Susie Vrobel

Innenwelt und Außenwelt

Von Corinna Willführ

In ihrem neuen Buch „Innenwelt – Außenwelt“ geht die Bad Nauheimer Wissenschaftlerin Susie Vrobel der Frage nach: „Wie verträgt sich die Welt in uns mit der Welt um uns herum?“ Das Buch ist eine „schwierige Lektüre“, meint Landbote-Autorin Corinna Willführ. Sie hat Susie Vrobel zu dem Buch interviewt.

Die Einschränkungen während des zweiten Lockdowns in der Corona-Pandemie wirbeln den Alltag nun schon seit zehn Wochen gehörig durcheinander und lassen ihn zugleich erstarren. Auch wenn Waschen, Schneiden, Föhnen seit 1. März wieder möglich sind: Gewohnte Rituale wie das wöchentliche Sporttraining, der Restaurant- oder Museumsbesuch können weiterhin nicht oder nur unter Auflagen stattfinden. Die Kommunikation im Beruf erfolgt für viele nur noch aus dem Homeoffice. Für Familien oder Singles, für Kinder, Jugendliche und Senioren:innen: Durch Covid 19 und seine Folgen ist das gewohnte Leben aus den Fugen geraten. Ein „gesundes“ Verhältnis von Alleinsein und Miteinander ist aus der Balance.

Phänomen Zeit

Zu diesem gehört auch die Zeit, die man nur mit sich oder mit anderen verbringt. Susie Vrobel, Jahrgang 1961, beschäftigt sich seit vielen Jahren mit dem Phänomen Zeit. So hat die promovierte Philosophin aus Bad Nauheim dazu nicht nur international Vorträge gehalten und mehrere Fachbücher geschrieben, sondern auch ein eigenes Institut gegründet: das Institute für Fractal Research, ein Forum, in dem sich eine internationale Gemeinschaft über die Erforschung nicht-linearer Phänomene austauscht. In ihrer aktuellen Publikation unter dem Titel „Innenwelt – Außenwelt“ geht die Wissenschaftlerin der Frage nach: „Wie verträgt sich die Welt in uns mit der Welt um uns herum?“ 138 Seiten, plus 20 Seiten Literatur- und Quellenhinweise, umfasst ihr in zehn Kapitel untergliedertes Werk. Eine schwierige Lektüre.

Frau Vrobel, Sie veröffentlichen zumeist in englischer Sprache. Ihre aktuelle Publikation ist auf Deutsch erschienen. An wen richtet sich „Innenwelt – Außenwelt“?

Susie Vrobel

Es richtet sich eigentlich an alle interessierten Leser*innen, die bereit sind, sich auf eine neue Art, die Welt zu sehen, einzulassen.
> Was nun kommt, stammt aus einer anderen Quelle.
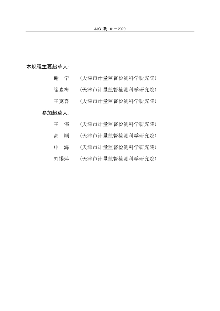 谢宁(天津市计量监督检测科学研究院)、崔素梅(天津市计量监督检测科学研究院)、王克喜(天津市计量监督检测科学研究院)、王伟(天津市计量监督检测科学研究院)、高顺(天津市计量监督检测科学研究院)、申海(天津市计量监督检测科学研究院)、刘锡萍(天津市计量监督检测科学研究院)

Die Grenze, an der man selbst aufhört und der Rest der Welt beginnt, wird meist nicht hinterfragt, denn man nimmt an, dass diese selbstverständlich kurz hinter der äußeren Hautschicht verläuft. Doch diese Grenze zwischen Innen und Außen erweist sich als erstaunlich weit verschiebbar und damit muss die Frage, wie sich die Welt in uns mit der Welt um uns herum verträgt, für jeden Leser individuell und ständig neu beantwortet werden. Diesem Thema habe ich mich in den letzten Jahrzehnten ausgiebig in englischer Sprache gewidmet und nun versucht, es in diesem Büchlein populärwissenschaftlich vereinfacht und in deutscher Sprache, dem heimischen Publikum näher zu bringen.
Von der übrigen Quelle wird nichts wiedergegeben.